One of the famous problems solved using this technique was Finding a cycle in a LinkedList. Let’s jump onto this problem to understand the Fast & Slow pattern.
https://leetcode.com/problems/linked-list-cycle/
Given the head of a Singly LinkedList, write a function to determine if the LinkedList has a cycle in it or not.
Imagine two racers running in a circular racing track. If one racer is faster than the other, the faster racer is bound to catch up and cross the slower racer from behind. We can use this fact to devise an algorithm to determine if a LinkedList has a cycle in it or not.
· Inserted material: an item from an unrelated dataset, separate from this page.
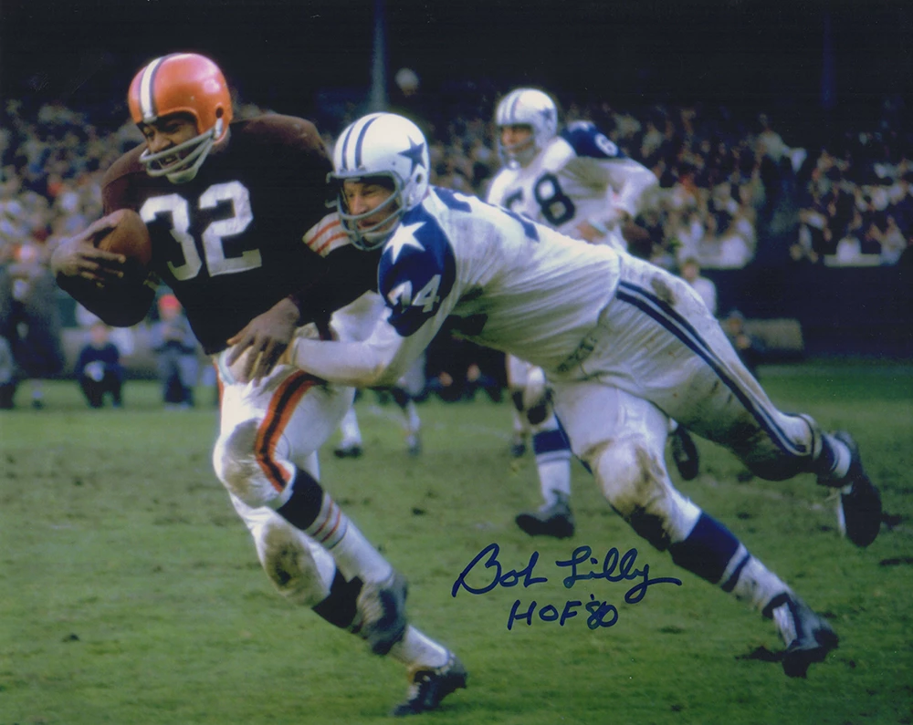 Bob Lilly Signed Cowboys Tackling Jim Brown 8×10 Photo w/HOF’80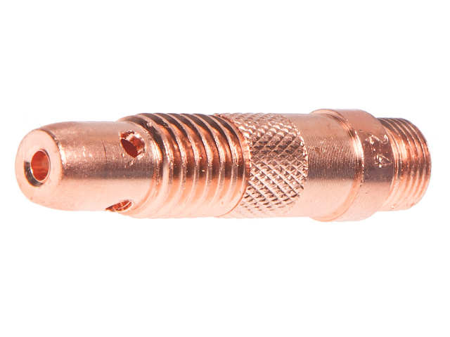 Зажим цанги является расходным элементом TIG горелки. Предназначен для фиксации электрода с цангой в TIG горелке. Отверстия на зажиме служат для распределения потока защитного газа.

Imagine we have a slow and a fast pointer to traverse the LinkedList. In each iteration, the slow pointer moves one step and the fast pointer moves two steps. This gives us two conclusions:
- If the LinkedList doesn’t have a cycle in it, the fast pointer will reach the end of the LinkedList before the slow pointer to reveal that there is no cycle in the LinkedList.
- The slow pointer will never be able to catch up to the fast pointer if there is no cycle in the LinkedList.
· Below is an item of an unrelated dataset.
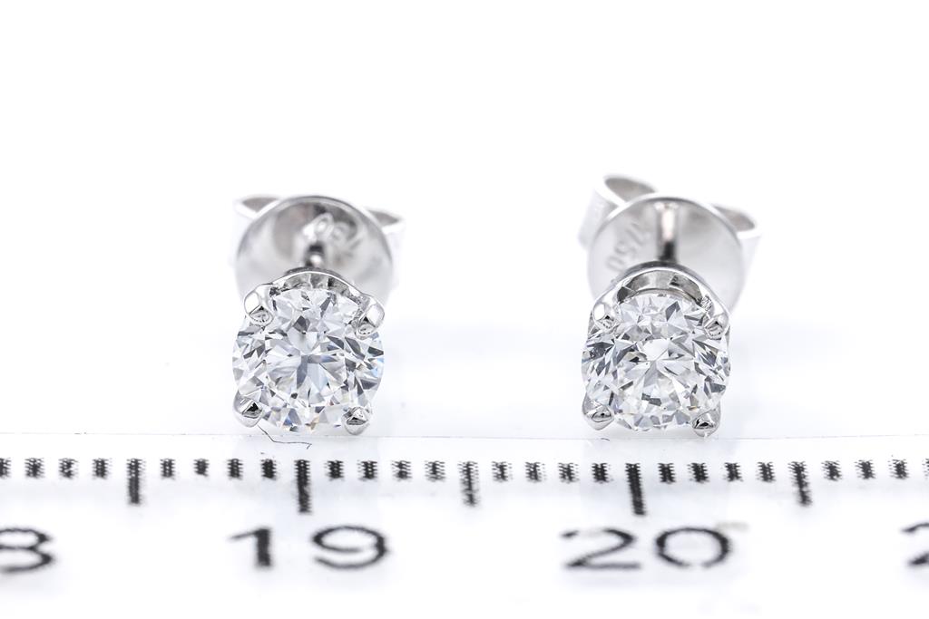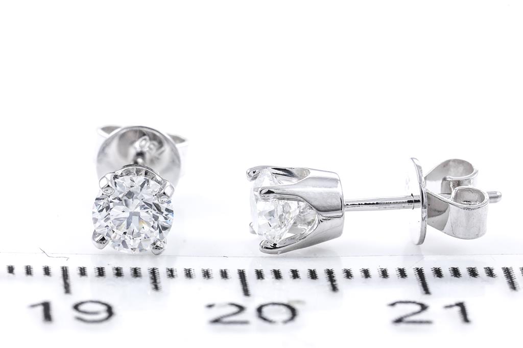 Diamond stud earrings with 2 round brilliant cut Diamonds totalling 0.80cts (both with GIA summary reports graded as D VS1 & D VS2 #2434099154, 2444151538). 18ct white gold. Weight:1.5g. (New)

If the LinkedList has a cycle, the fast pointer enters the cycle first, followed by the slow pointer. After this, both pointers will keep moving in the cycle infinitely. If at any stage both of these pointers meet, we can conclude that the LinkedList has a cycle in it. Let’s analyze if it is possible for the two pointers to meet. When the fast pointer is approaching the slow pointer from behind we have two possibilities:
- The fast pointer is one step behind the slow pointer.
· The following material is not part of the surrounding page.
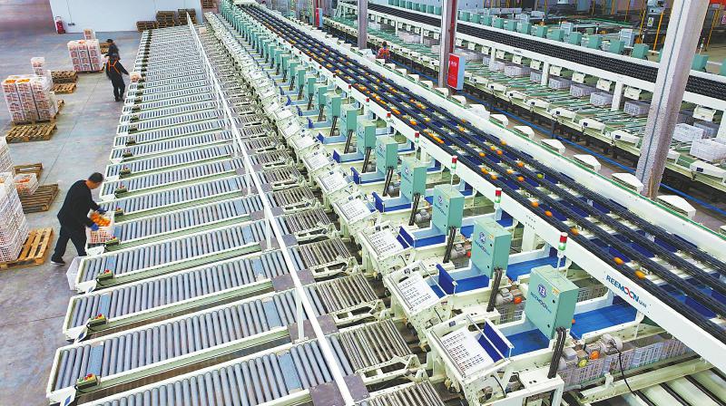 12月6日,在眉山市仁寿县富加镇川果物流中心的水果智能分选车间,工作人员正在分选线上工作。 近年来,眉山市仁寿县建成集仓储、冷链、加工、分选等功能于一体的水果物流配送服务中心。通过智能分选各类时令水果,实现果型、果重、果面干净度和含糖量精准分选,助力当地水果产业提质增效。 潘建勇 摄(C视觉)

- The fast pointer is two steps behind the slow pointer.
All other distances between the fast and slow pointers will reduce to one of these two possibilities. Let’s analyze these scenarios, considering the fast pointer always moves first:
- If the fast pointer is one step behind the slow pointer: The fast pointer moves two steps and the slow pointer moves one step, and they both meet.
- If the fast pointer is two steps behind the slow pointer: The fast pointer moves two steps and the slow pointer moves one step. After the moves, the fast pointer will be one step behind the slow pointer, which reduces this scenario to the first scenario. This means that the two pointers will meet in the next iteration.
This concludes that the two pointers will definitely meet if the LinkedList has a cycle.
class Node {
constructor(value, next = null) {
this.value = value;
this.next = next
}
}
function hasCycle(head) {
let slow = head
let fast = head
while(fast !== null && fast.next !== null) {
fast = fast.next.next;
slow = slow.next
if(slow === fast) {
//found the cycle
return true
}
}
return false
}
head = new Node(1)
head.next = new Node(2)
head.next.next = new Node(3)
head.next.next.next = new Node(4)
head.next.next.next.next = new Node(5)
head.next.next.next.next.next = new Node(6)
console.log(`LinkedList has cycle: ${hasCycle(head)}`)
head.next.next.next.next.next.next = head.next.next
console.log(`LinkedList has cycle: ${hasCycle(head)}`)
head.next.next.next.next.next.next = head.next.next.next
console.log(`LinkedList has cycle: ${hasCycle(head)}`)
- Once the slow pointer enters the cycle, the fast pointer will meet the slow pointer in the same loop. Therefore, the time complexity of our algorithm will be
O(N)
whereN
is the total number of nodes in the LinkedList. - The algorithm runs in constant space
O(1)
.
Given the head of a LinkedList with a cycle, find the length of the cycle.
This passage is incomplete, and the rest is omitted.